Потрясение было слишком сильным, чтобы от него оправиться сразу.

Последняя страница рукописи лежит перед ним:

«Мое повествование может показаться странным. Не ищите оправдания, не возвращайтесь к написанному. Примите истину таковой, как она есть. Герой готов сойти со страниц, обмакнуть перо и поставить подпись: Максим Углов».

Васюков не задает вопросов. Васюков думает.

Наступит завтра, собственно, оно уже наступило. Он войдет в редакцию, откроет дверь к Углову в кабинет и скажет… Какими окажутся эти слова? Васюков растирает виски. Привычки, они остаются на всю жизнь. В душе Васюков считает себя неудачником. Все как на скачках. Круг за кругом, и никогда у столба не бываешь первым. Было время, попал в струю — неси, милая.

Оказывается, нет, там еще грести надо. Попробовал быть принципиальным — не поняли. Способный стал заурядным. Принципиальный — конъюнктурным. Хотел ощетиниться, а шерсти-то нет. Сломался, растерял друзей, завяз в долгах. Пил больше от нечего делать, а потом втянулся. Кругом улыбались, смеялись, о чем-то спорили, а он ничего не слышал.

Васюков встает, на цыпочках подходит к кроватке сына, смотрит на разметавшегося во сне Мишку…

Обо всем жалел.
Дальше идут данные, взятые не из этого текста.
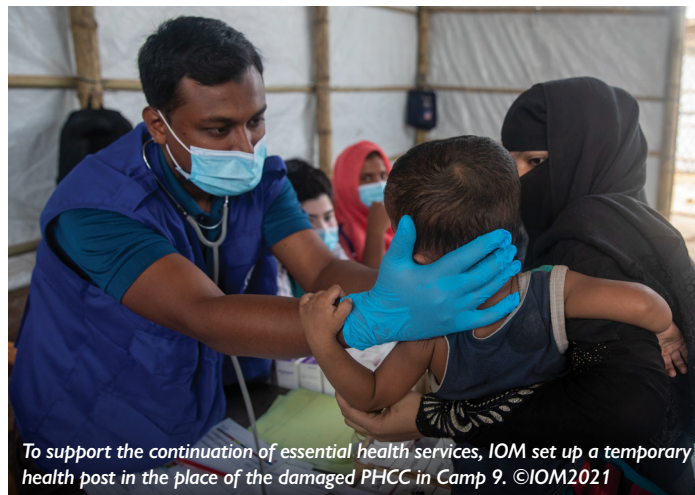
To support the continuation of essential health services, IOM set up a temporary health post in the place of the damaged PHCC in Camp 9.

During the reporting period, DRU transported 60 people (suspected and confirmed COVID-19 cases, deceased and discharged), bringing the total of individuals transported since the beginning of the response to 1,283.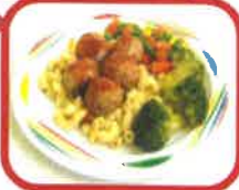
Organic Pork Meatballs (G.)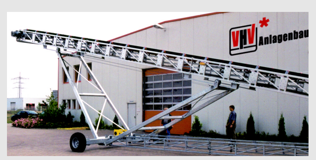
swivelling undercarriage adjustable in height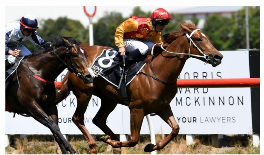
22/10/22 Te Rapa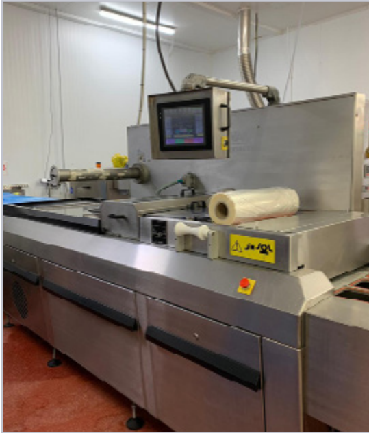
ROSS TRAY SEALER WITH D2 TOOLING.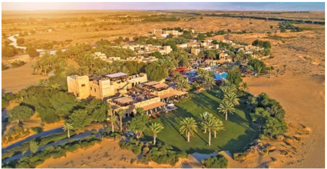
Bab Al Shams Desert Resort & Spa | Arabian Desert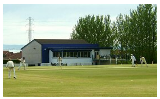
Middle Road, Carrickfergus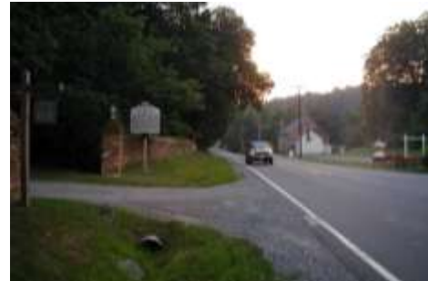
Route 50 in Aldie – high speeds and lack of paved shoulders make bicycling difficult.

While off-road sidepaths are often provided adjacent to newer developments, they are rarely designed well for bicycling; they are narrow (less than 8 feet wide), have poor pavement or surface quality, and include frequent curves and undulations that reduce their efficiency for utilitarian travel. Often they are provided only on one side of the road, and they end at the property line of the development without connections across frontage of undeveloped property or older parcels that were not designed with sidepaths.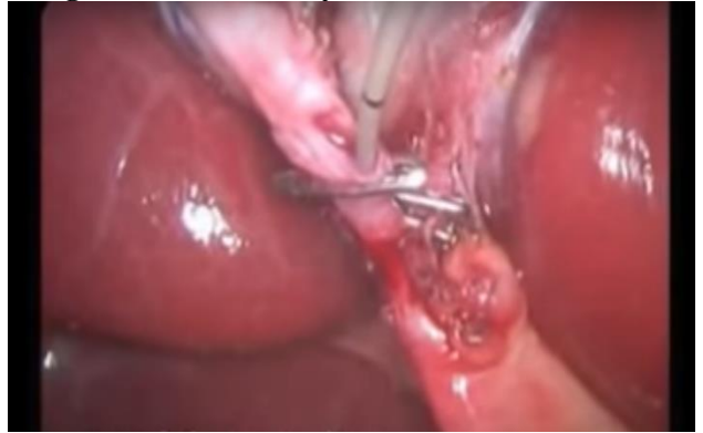
Fig. (3): Cannulation of cystic duct

Follow-up was done clinically and by serum bilirubin (total & direct) with abdominal U/S for one year. All data were collected and analyzed as regard perioperative details and clinical outcomes.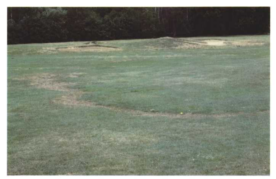
Figure 1: A characteristic fairy ring showing the stimulated growth area and deadened region at the outer edge.

A circular fairy ring develops because the fungi starts out from a central point and grows equally in all directions. The fungi break down the organic matter as they grow, releasing nitrogen (ammonia) that eventually is changed by other microorganisms to nitrate nitrogen. The nitrate nitrogen stimulates turfgrass growth within the ring (known as the zone of stimulation or activity zone). Turf may first appear dark green, but will eventually die if stressed by heat or drought (Fig. 1). Sometimes the turf may simply turn yellow or be stunted (Fig. 2). If the turf is adequately watered it usually will recover from the vellowing, but the stunting may remain. The yellowing, stunting and turf death within the ring has been attributed to a number of causes. Mushrooms are often found in the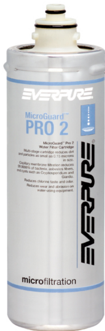
MicroGuard™ Pro 2 Replacement Cartridge: EV9637-01

Delivers premium quality drinking water for bottleless coolers and drinking fountains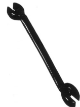
Figure No.8030 Steel Wrench For Installation of Above Heads

Зачем завел семью, зачем уехал из доброго, полусонного Льгова. «Прошу любить и жаловать, поэт-сатирик Петр Васюков. Разрешите автограф? Примите приглашение. Браво!»
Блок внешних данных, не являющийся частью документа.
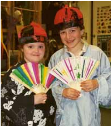
Students wearing their silk kimonos, using their hand painted fan

In the Hall of Protected Harmony's Throne room, our guide sat on the throne and pretended to be the young Emperor. We remembered to remove our shoes and bow as we entered the dining hall. Most of us were successful using our chopsticks to eat Chow Mien and rice from rice bowls. He served us nuts, dried fruits and oranges from the tray of Togetherness. We concluded our celebration of the New Year of the Monkey by opening our red envelopes decorated with gold writing (and found money inside our envelopes)! We tried our hand at writing Chinese characters, painting our own designs on fans and making pandas. We hated to leave but the wonders of Australia awaited us!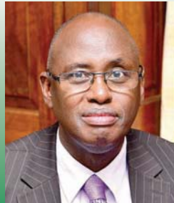
Hon Lt Col (Rtd) Dr. Bright Rwamirama: Minister of State for Defence - Veteran Affairs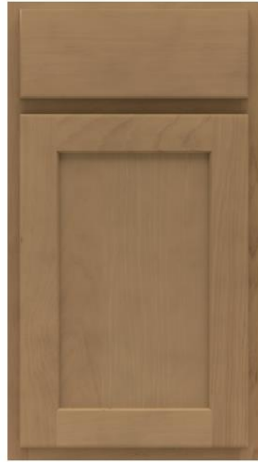
CABINETS – FALLOW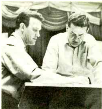
Country artist Eddy Arnold teams up with Hugo Winterhalter to make new RCA-Victor release, "The Cattle Call" backed by "The Kentuckian."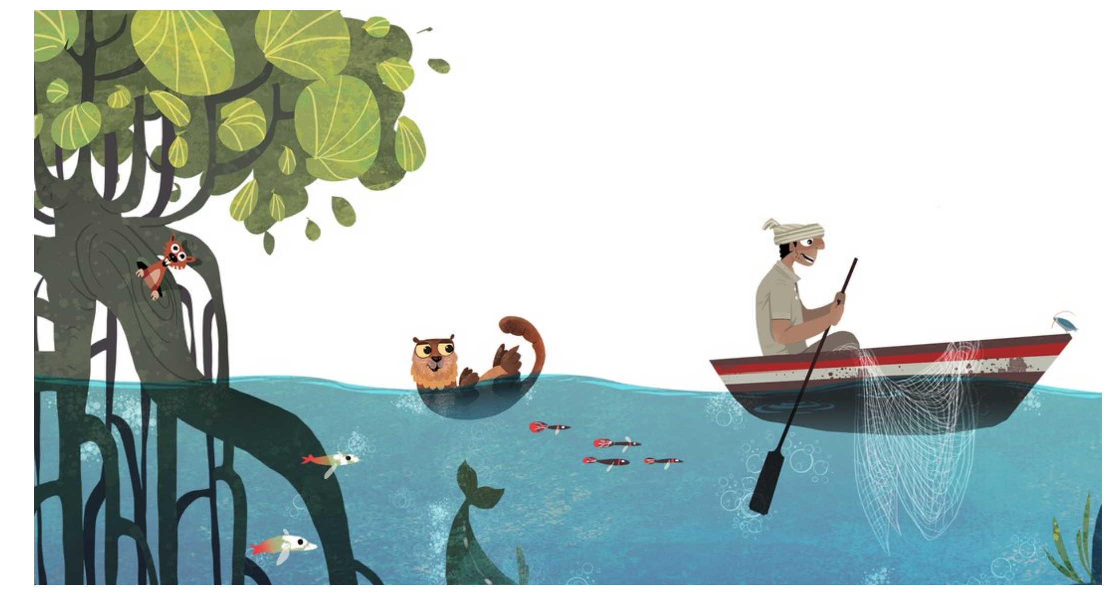
Once, a fisherman came fishing.

И вдруг это предложение работать в журнале. Он ухватился за него. Боялся — передумают. Но никто передумывать не собирался. Его приняли. Этот парень по фамилии Углов поверил ему.

— С чего он взял, что мне можно верить? Я был своим человеком в литературном мире. Но ведь я только был…
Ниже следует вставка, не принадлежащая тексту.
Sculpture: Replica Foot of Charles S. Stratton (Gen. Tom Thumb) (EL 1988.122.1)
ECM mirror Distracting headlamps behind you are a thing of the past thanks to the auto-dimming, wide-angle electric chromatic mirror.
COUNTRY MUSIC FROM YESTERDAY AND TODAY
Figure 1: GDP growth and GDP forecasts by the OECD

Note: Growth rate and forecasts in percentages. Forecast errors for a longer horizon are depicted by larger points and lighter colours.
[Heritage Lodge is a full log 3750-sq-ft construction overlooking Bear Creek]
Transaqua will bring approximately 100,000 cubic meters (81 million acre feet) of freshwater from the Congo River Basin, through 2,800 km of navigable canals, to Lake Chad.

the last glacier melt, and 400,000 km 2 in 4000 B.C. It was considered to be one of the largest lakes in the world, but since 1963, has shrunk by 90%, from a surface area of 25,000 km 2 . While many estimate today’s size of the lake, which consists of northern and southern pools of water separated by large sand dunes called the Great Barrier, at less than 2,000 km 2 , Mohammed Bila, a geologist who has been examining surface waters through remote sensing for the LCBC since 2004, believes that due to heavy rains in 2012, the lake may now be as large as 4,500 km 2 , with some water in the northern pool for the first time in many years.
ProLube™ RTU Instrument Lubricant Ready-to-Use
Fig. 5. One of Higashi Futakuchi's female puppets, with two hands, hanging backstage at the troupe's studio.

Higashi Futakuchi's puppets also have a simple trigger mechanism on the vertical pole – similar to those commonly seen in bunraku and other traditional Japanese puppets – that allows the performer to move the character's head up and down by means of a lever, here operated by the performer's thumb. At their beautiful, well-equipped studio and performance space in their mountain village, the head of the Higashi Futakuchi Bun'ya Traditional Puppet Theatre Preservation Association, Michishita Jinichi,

Что ему сказать? «Остановись. Что ты делаешь? Меня потрясла твоя «Исповедь». Ты талантлив, вот тому доказательство. Написанное переворачивает душу. Твое признание равносильно самоубийству. Давай все забудем, Максим. Ничего не было. Я не читал твоей рукописи. Плагиат — случайность, в нем нет твоей вины. Человек имеет право на слабость. Ну, хочешь, я напишу отцу этого парня. Он все поймет. Ты подумал, что будет дальше Максим? Тогда послушай меня. Я лучше знаю эту жизнь. Помнить и забывать — равнозначные свойства человеческого разума. О подобных подвигах не пишут поэм. Они не проходят под рубрикой «Герои наших дней». Фанфар не будет.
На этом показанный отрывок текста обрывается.